Xfit = np.linspace(1.5, 5.5)[:, None]
plt.plot(X, y, "bo")
plt.plot(Xfit, clf.predict(Xfit), "r-")
plt.xlabel("Distance")
plt.ylabel("energy")
plt.legend(["data", "fit"]);
Exercises Read more about these sklearn functions. How would you plot the fit for each polynomial degree?
Summary¶
We illustrated how to leverage sklearn
to do a single hyperparameter optimization here, the polynomial order. Typical machine learning methods have many hyperparameters. We could add new ones here if you include regularization, e.g Lasso, or Ridge would add one more hyperparameter, and Elastic net would add two.
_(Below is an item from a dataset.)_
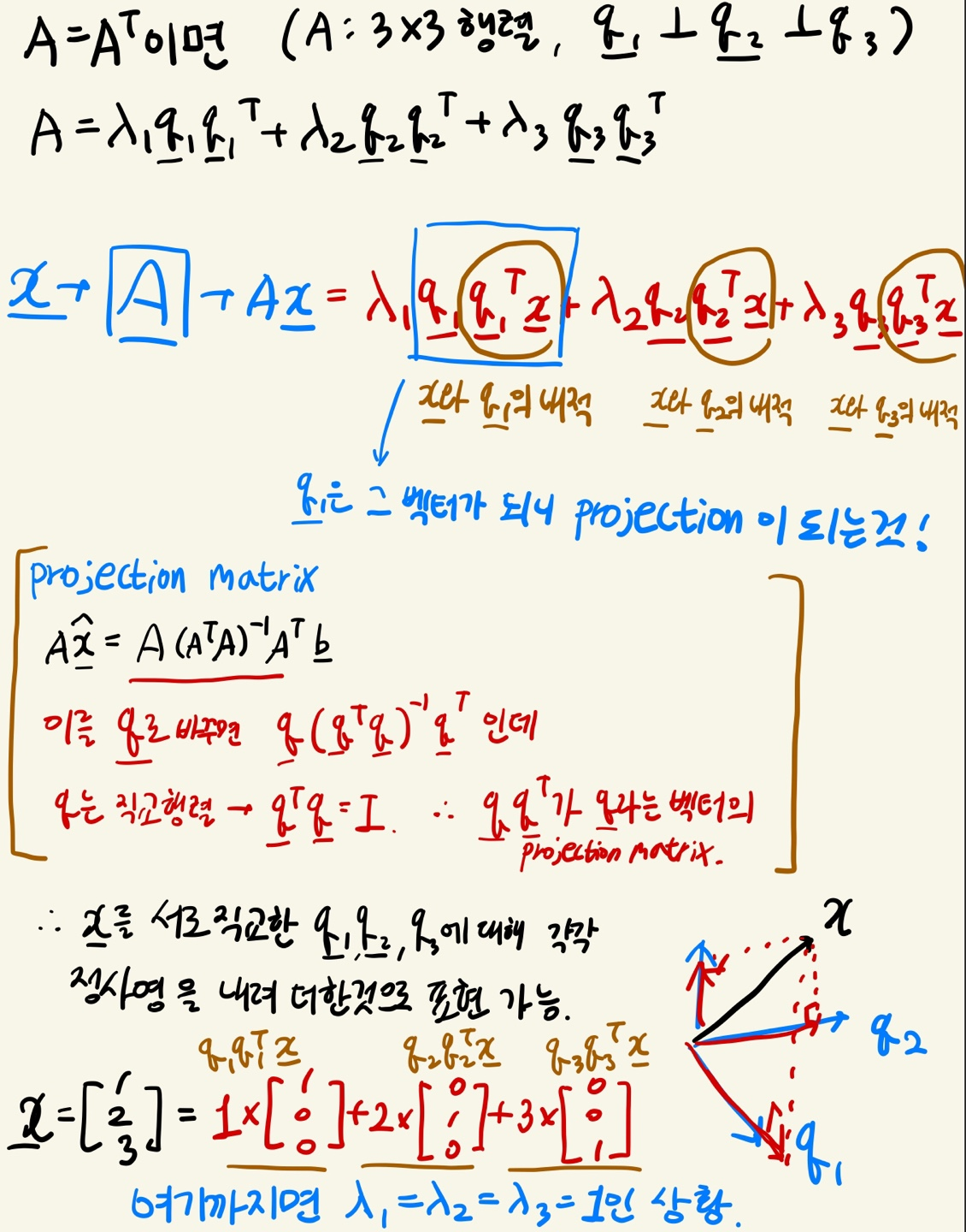 $$A=\lambda_{1}q_{1}q^{T}_{1}+\lambda_{2}q_{2}q^{T}_{2}+\lambda_{3}q_{3}q^{T}_{3}$$

Neural networks have hyperparameters that include how many hidden layers, how many neurons per layer, and which activation functions to use. As the number of parameters grow, it is increasingly important to have automated methods for exploring and optimizing them, as well as principled methods for deciding which models are better.